**Aim of the exercise:** Produce as output only the lines below starting at the line with "Dün yapılan Cumhuriyet" and continuing through the line with "Según explicaron, los", each one exactly as written.

**Records for the task:**
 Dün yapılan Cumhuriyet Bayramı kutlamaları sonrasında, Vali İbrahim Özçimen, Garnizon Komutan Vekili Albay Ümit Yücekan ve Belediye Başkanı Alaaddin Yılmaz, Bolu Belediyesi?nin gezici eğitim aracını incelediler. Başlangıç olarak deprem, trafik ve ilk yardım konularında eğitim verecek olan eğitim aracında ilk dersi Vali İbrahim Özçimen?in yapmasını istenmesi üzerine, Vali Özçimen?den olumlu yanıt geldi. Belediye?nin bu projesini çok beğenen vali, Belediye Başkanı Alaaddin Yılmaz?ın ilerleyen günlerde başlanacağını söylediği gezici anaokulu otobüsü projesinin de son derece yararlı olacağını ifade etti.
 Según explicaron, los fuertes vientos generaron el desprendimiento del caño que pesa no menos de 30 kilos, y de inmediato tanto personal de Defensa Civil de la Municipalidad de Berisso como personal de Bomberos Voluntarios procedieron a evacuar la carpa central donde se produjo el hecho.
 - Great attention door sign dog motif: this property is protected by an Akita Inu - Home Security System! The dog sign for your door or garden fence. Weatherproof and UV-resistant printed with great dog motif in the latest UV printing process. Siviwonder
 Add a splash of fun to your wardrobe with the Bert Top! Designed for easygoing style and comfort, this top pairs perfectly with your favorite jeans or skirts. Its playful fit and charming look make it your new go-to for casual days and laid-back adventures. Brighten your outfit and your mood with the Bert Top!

==

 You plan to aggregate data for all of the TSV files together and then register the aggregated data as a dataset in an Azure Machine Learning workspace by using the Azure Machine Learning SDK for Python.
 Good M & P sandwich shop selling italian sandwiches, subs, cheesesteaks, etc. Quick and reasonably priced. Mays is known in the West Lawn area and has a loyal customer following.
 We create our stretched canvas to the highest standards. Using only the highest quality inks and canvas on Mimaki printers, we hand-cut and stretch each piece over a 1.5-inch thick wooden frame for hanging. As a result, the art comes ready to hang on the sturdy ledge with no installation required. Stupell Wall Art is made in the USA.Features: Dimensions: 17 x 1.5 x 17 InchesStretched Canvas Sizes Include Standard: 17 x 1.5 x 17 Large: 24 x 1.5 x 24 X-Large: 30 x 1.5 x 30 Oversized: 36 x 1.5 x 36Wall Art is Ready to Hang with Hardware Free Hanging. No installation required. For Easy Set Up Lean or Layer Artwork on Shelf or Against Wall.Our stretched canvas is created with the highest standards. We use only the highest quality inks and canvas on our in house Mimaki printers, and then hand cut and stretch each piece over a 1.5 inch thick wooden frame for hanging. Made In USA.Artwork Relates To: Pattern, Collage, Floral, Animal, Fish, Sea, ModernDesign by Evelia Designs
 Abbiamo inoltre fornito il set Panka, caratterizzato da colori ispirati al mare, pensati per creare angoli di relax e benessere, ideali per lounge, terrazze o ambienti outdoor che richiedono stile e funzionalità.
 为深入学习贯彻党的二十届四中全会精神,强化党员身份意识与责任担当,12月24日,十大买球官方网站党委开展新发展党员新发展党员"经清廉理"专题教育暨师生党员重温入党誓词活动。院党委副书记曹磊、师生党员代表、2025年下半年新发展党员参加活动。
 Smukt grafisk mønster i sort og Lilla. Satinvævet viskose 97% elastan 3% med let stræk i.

* * *

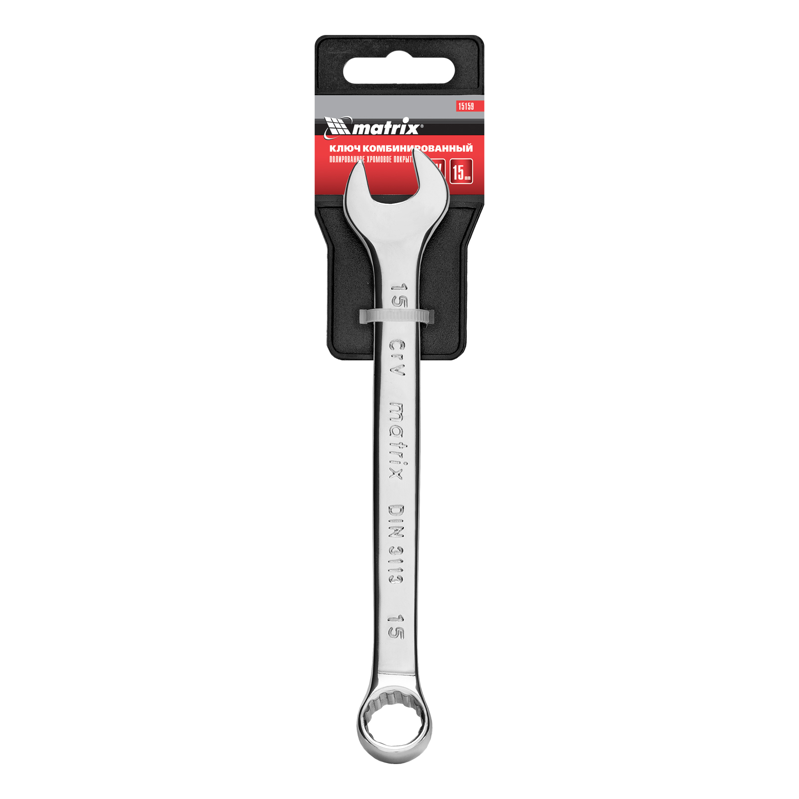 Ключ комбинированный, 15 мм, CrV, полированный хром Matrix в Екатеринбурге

**Output:**
 Dün yapılan Cumhuriyet Bayramı kutlamaları sonrasında, Vali İbrahim Özçimen, Garnizon Komutan Vekili Albay Ümit Yücekan ve Belediye Başkanı Alaaddin Yılmaz, Bolu Belediyesi?nin gezici eğitim aracını incelediler. Başlangıç olarak deprem, trafik ve ilk yardım konularında eğitim verecek olan eğitim aracında ilk dersi Vali İbrahim Özçimen?in yapmasını istenmesi üzerine, Vali Özçimen?den olumlu yanıt geldi. Belediye?nin bu projesini çok beğenen vali, Belediye Başkanı Alaaddin Yılmaz?ın ilerleyen günlerde başlanacağını söylediği gezici anaokulu otobüsü projesinin de son derece yararlı olacağını ifade etti.
 Según explicaron, los fuertes vientos generaron el desprendimiento del caño que pesa no menos de 30 kilos, y de inmediato tanto personal de Defensa Civil de la Municipalidad de Berisso como personal de Bomberos Voluntarios procedieron a evacuar la carpa central donde se produjo el hecho.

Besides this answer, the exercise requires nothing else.